— TASK GOAL —
Among the entries below, copy only the span from the line containing "Odcinek Oleśnica - Grabowno" through the line containing "Ardanuç - Arhavi". Do so exactly, and skip the pictures.

— WORKING DATA —
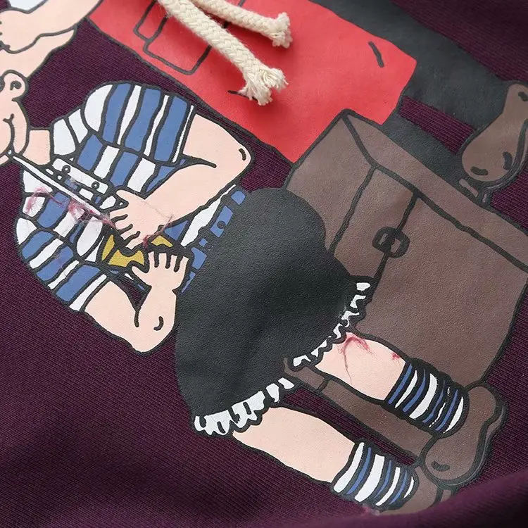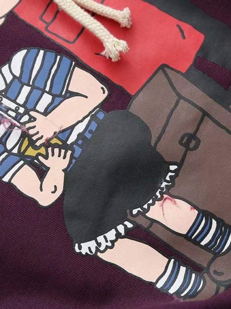 maoxiangshop Purple Cartoon Print Women Hooded Sweatshirt Autumn Winter Girl Sporty Chic Hoodies Sweet Style Casual Pullover Tracksuits
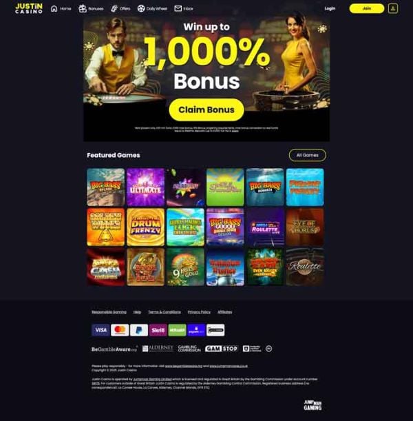 Justin Casino is a modern online casino home to well-known providers and games. The casino is home to the latest slots, table games, live casino games, bingo and more. You can enjoy frequent bonuses, daily wheel rewards and a variety of trusted payment methods, including debit cards and web wallets.
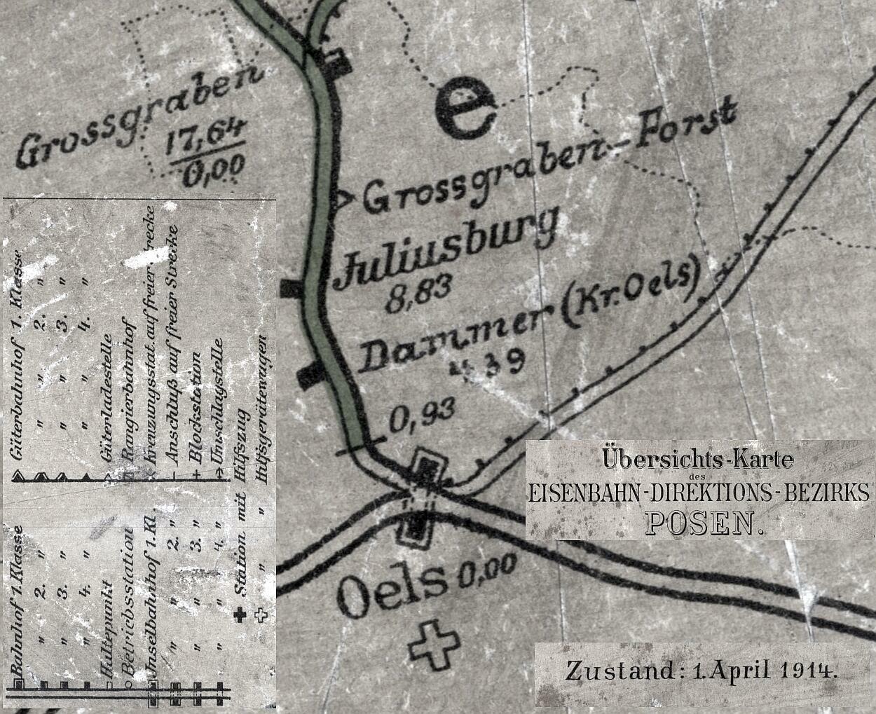 Odcinek Oleśnica - Grabowno Wielkie, w 1914 wraz z całą linią od km 0.93 należący do dyrekcji poznańskiej, w tym enigmatyczna ładownia (umownie i skrótowo: 'Grabowno Las').
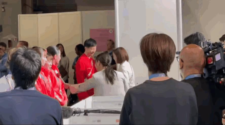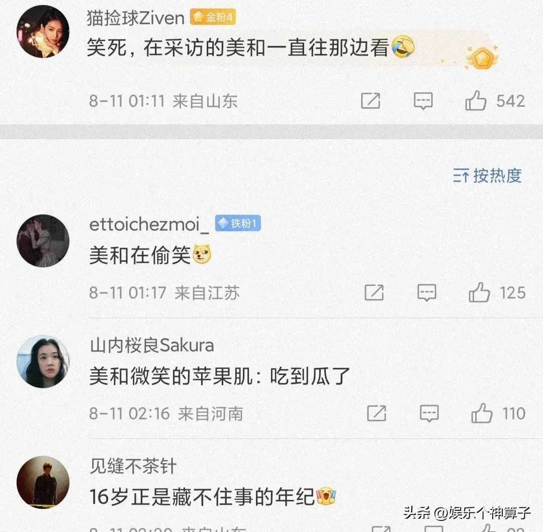 看到這一幕,一旁日本隊員美和似乎忘記正在接受採訪,目不轉睛的盯着兩人,或許是出於羨慕,滿臉笑容,嘴角上揚,也有網友調侃,美和在偷笑,好像喫到瓜了。
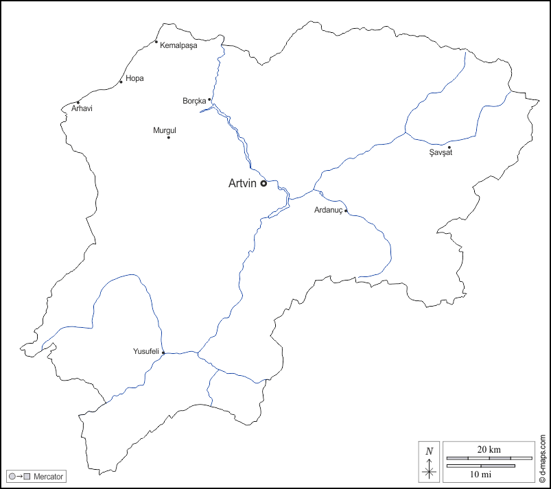 Ardanuç - Arhavi - Artvin - Borçka - Hopa - Kemalpasa - Murgul - Savsat - Yusufeli
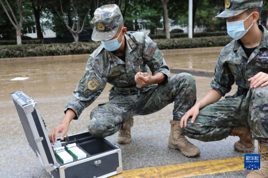 8月6日,武警河北總隊機動支隊官兵在河北涿州高新區騰飛大街勘測檢查氣體環境。新華社發(趙佳亮 攝)
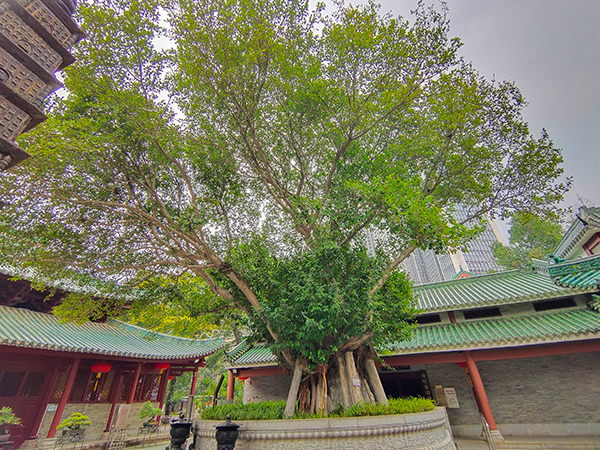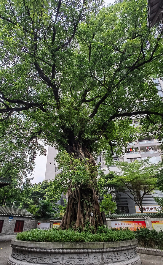 海幢寺山门外的心叶榕(图片来源:广州海幢寺)
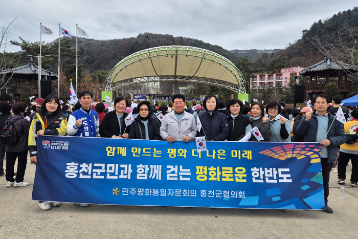 민주평화통일자문회의 홍천군협의회(회장 박상록)는 3월 1일(금) 오후 2시 토리숲 일원에서 개최된 ‘107주년 3·1절 기념 및 한반도 평화공존 염원 걷기대회’에 참가했다.
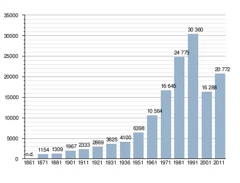 Станом на 31 грудня 2014 року в муніципалітеті офіційно проживало 3358 іноземців з 80 країн, серед них 1661 громадянин країн Євросоюзу та 53 громадяни України.[4]
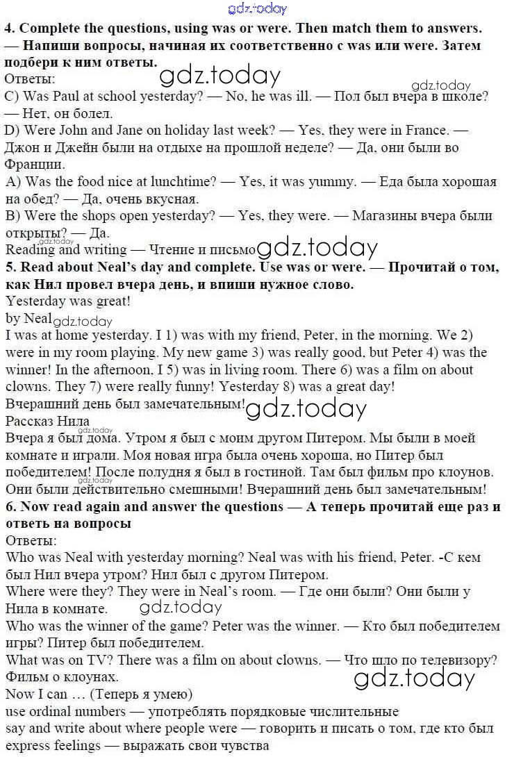 На страницах сайта gdz.today вы найдете учебный и вспомогательный материал, направленный на улучшения знаний школьной программы. ГДЗ - онлайн мир знаний Решение к модулю 5. Where Were You Yesterday! страница 87 Учебнику по Английскому языку для 4 класса Быкова, Дули Просвещение Spotlight 2015
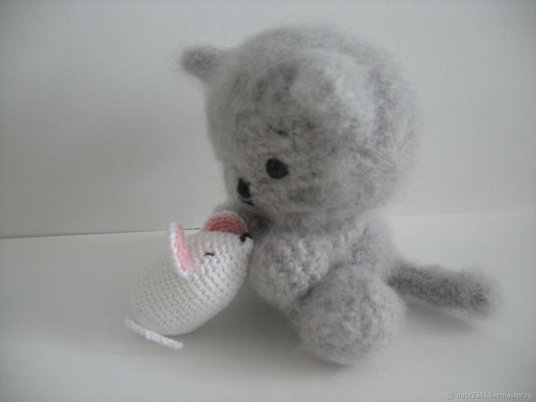 Котенок с мышкой. Котенок размером около 10 см, пряжа акрил+полиамид, глазки на винтах; мышка -хлопок. (Этот слоник может быть отправлен в августе)
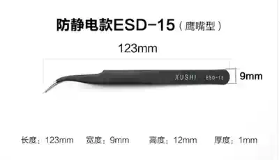 Anti-static tweezers black stainless steel thick pointed elbow flat head electronic forceps disassembly machine electronic repair tool
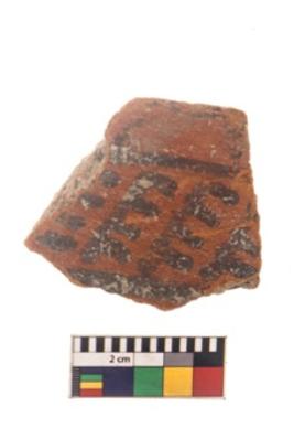 | Description / विवरण | Specimen of black on red ware with black decorative Row of arcs with short vertical strokes geometric painting. |
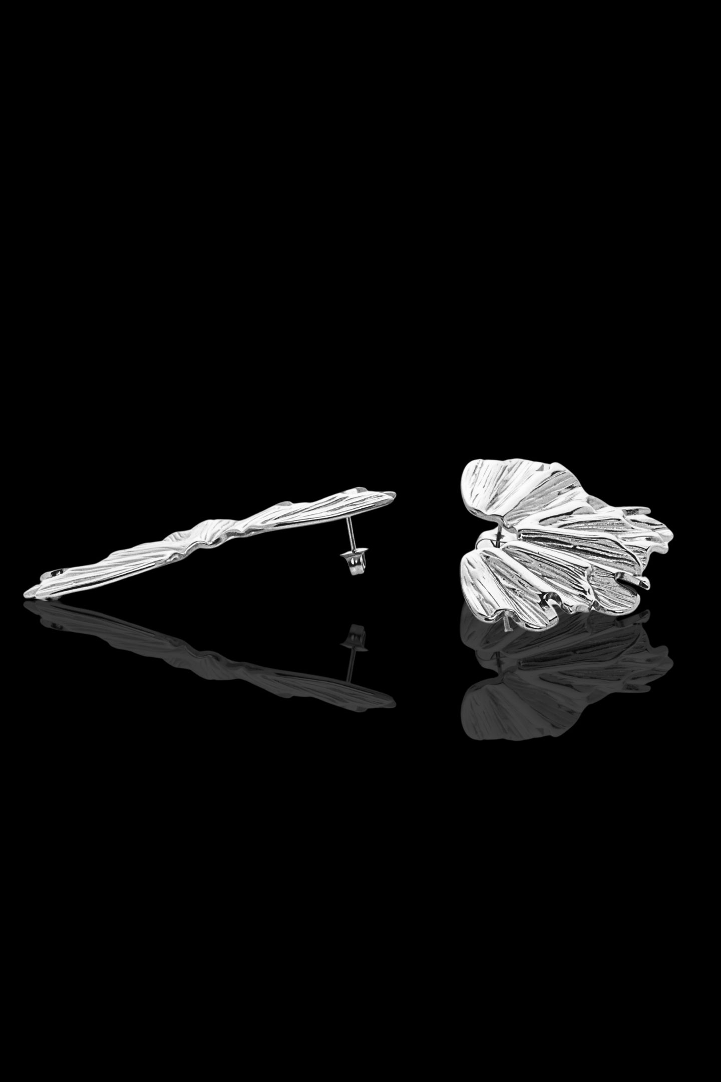 - Ασύμμετρο γυαλιστερό σκουλαρίκι σε σχήμα πετάλλου

— EXERCISE ANSWER —
 Odcinek Oleśnica - Grabowno Wielkie, w 1914 wraz z całą linią od km 0.93 należący do dyrekcji poznańskiej, w tym enigmatyczna ładownia (umownie i skrótowo: 'Grabowno Las').
 看到這一幕,一旁日本隊員美和似乎忘記正在接受採訪,目不轉睛的盯着兩人,或許是出於羨慕,滿臉笑容,嘴角上揚,也有網友調侃,美和在偷笑,好像喫到瓜了。
 Ardanuç - Arhavi - Artvin - Borçka - Hopa - Kemalpasa - Murgul - Savsat - Yusufeli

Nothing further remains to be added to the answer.